◆ Your goal
Each entry below must be given again word for word, with no pictures.

Stored items from a collection

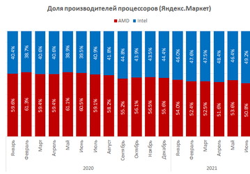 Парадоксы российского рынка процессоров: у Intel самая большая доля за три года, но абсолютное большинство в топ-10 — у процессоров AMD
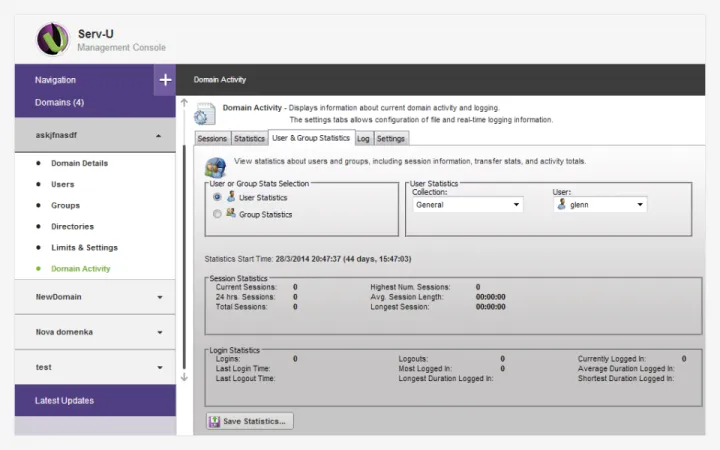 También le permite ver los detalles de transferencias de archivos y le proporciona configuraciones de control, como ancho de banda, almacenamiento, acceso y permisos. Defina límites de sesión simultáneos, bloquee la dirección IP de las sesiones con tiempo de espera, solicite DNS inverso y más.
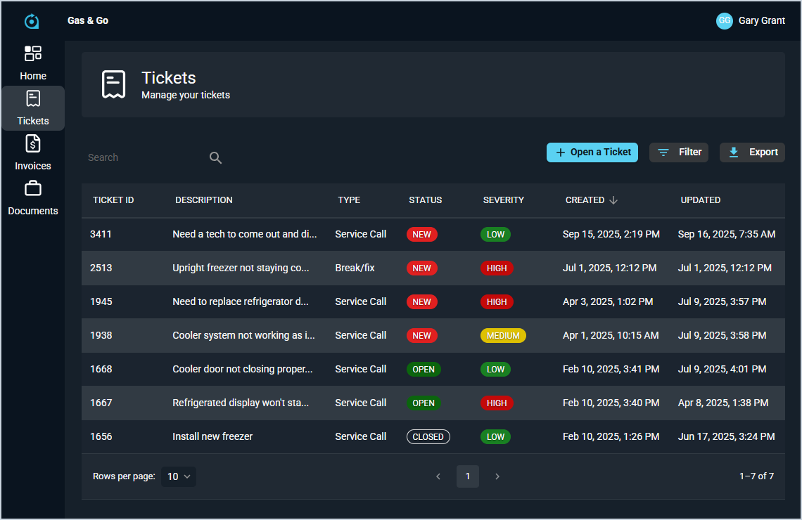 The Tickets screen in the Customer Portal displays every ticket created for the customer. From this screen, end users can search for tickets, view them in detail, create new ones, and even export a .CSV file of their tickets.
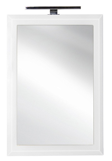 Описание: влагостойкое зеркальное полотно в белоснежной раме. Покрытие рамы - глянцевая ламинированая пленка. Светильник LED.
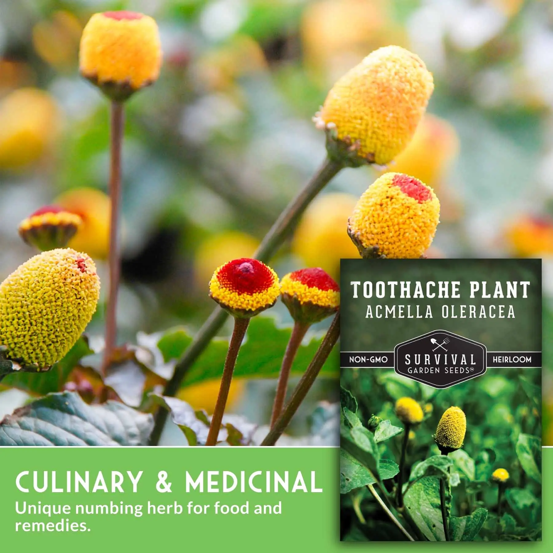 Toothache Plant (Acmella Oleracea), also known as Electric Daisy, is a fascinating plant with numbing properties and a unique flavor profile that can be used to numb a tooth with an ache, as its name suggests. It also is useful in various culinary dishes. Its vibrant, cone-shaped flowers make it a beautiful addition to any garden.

◆ Answer below
 Парадоксы российского рынка процессоров: у Intel самая большая доля за три года, но абсолютное большинство в топ-10 — у процессоров AMD
 También le permite ver los detalles de transferencias de archivos y le proporciona configuraciones de control, como ancho de banda, almacenamiento, acceso y permisos. Defina límites de sesión simultáneos, bloquee la dirección IP de las sesiones con tiempo de espera, solicite DNS inverso y más.
 The Tickets screen in the Customer Portal displays every ticket created for the customer. From this screen, end users can search for tickets, view them in detail, create new ones, and even export a .CSV file of their tickets.
 Описание: влагостойкое зеркальное полотно в белоснежной раме. Покрытие рамы - глянцевая ламинированая пленка. Светильник LED.
 Toothache Plant (Acmella Oleracea), also known as Electric Daisy, is a fascinating plant with numbing properties and a unique flavor profile that can be used to numb a tooth with an ache, as its name suggests. It also is useful in various culinary dishes. Its vibrant, cone-shaped flowers make it a beautiful addition to any garden.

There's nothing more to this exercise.